### DATA FOR ANALYSIS
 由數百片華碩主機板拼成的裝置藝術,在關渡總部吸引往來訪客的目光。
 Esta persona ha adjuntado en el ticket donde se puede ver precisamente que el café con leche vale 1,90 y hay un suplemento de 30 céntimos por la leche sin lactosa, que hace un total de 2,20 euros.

==

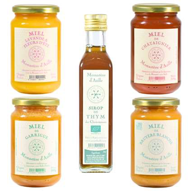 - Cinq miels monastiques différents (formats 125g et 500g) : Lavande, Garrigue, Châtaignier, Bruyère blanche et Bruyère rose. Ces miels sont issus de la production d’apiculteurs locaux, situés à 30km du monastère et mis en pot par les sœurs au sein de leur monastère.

### YOUR GOAL
Search the listing above for the lines with "由數百片華碩主機板拼成的裝置藝術,在關渡總部吸引往來訪客的目光。" and "Esta persona ha", then output those lines and all lines between them exactly.

### ANSWER TO THIS EXERCISE
 由數百片華碩主機板拼成的裝置藝術,在關渡總部吸引往來訪客的目光。
 Esta persona ha adjuntado en el ticket donde se puede ver precisamente que el café con leche vale 1,90 y hay un suplemento de 30 céntimos por la leche sin lactosa, que hace un total de 2,20 euros.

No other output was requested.